__Provided data__
===============

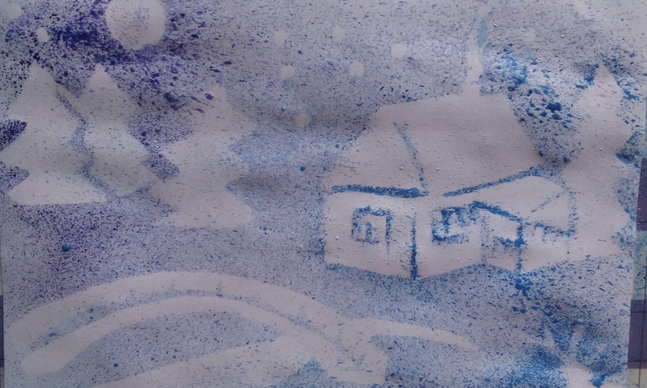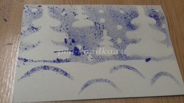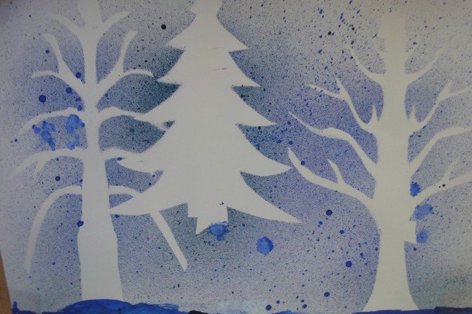 Набрызг рисование на тему зима
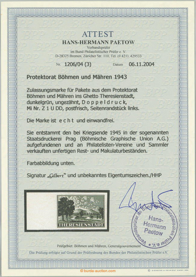 | Zusatzinformationen und Suchstichworte: | Burda 72. Auktion 16. - 17. September 2023 Los 3102 Böhmen und Mähren Theresienstadt 1943 Plattenprobedruck Pof. Pr IIIB Produktion Fehler, ungezähnter Plattenandruck in dunkel grüne Farbe mit L Rand, DVOJITY TISK; Idealstück postfrisch, Attest Paetow BPP, exp. Bei Gilbert. Sehr selten und nur selten vorkommenden Plattenprobedruck, außergewöhnliches Angebot! Ausruf 852,00 EUR |
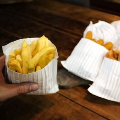 Pour accompagner vos succulents burgers, la gamme d'emballages à frites Magic Bag est parfaite ! Vos clients pourront manger proprement dans n’importe quel lieu (bureau, voiture, parc…) leurs frites chaudes et croustillantes. Et vous, vous contribuez à réduire l’impact des déchets sur l’environnement grâce à cet emballage fabriqué en papier recyclé.

===============

__Required work__
Every line above must be printed again exactly, pictures excluded.

__Response__
 Набрызг рисование на тему зима
 | Zusatzinformationen und Suchstichworte: | Burda 72. Auktion 16. - 17. September 2023 Los 3102 Böhmen und Mähren Theresienstadt 1943 Plattenprobedruck Pof. Pr IIIB Produktion Fehler, ungezähnter Plattenandruck in dunkel grüne Farbe mit L Rand, DVOJITY TISK; Idealstück postfrisch, Attest Paetow BPP, exp. Bei Gilbert. Sehr selten und nur selten vorkommenden Plattenprobedruck, außergewöhnliches Angebot! Ausruf 852,00 EUR |
 Pour accompagner vos succulents burgers, la gamme d'emballages à frites Magic Bag est parfaite ! Vos clients pourront manger proprement dans n’importe quel lieu (bureau, voiture, parc…) leurs frites chaudes et croustillantes. Et vous, vous contribuez à réduire l’impact des déchets sur l’environnement grâce à cet emballage fabriqué en papier recyclé.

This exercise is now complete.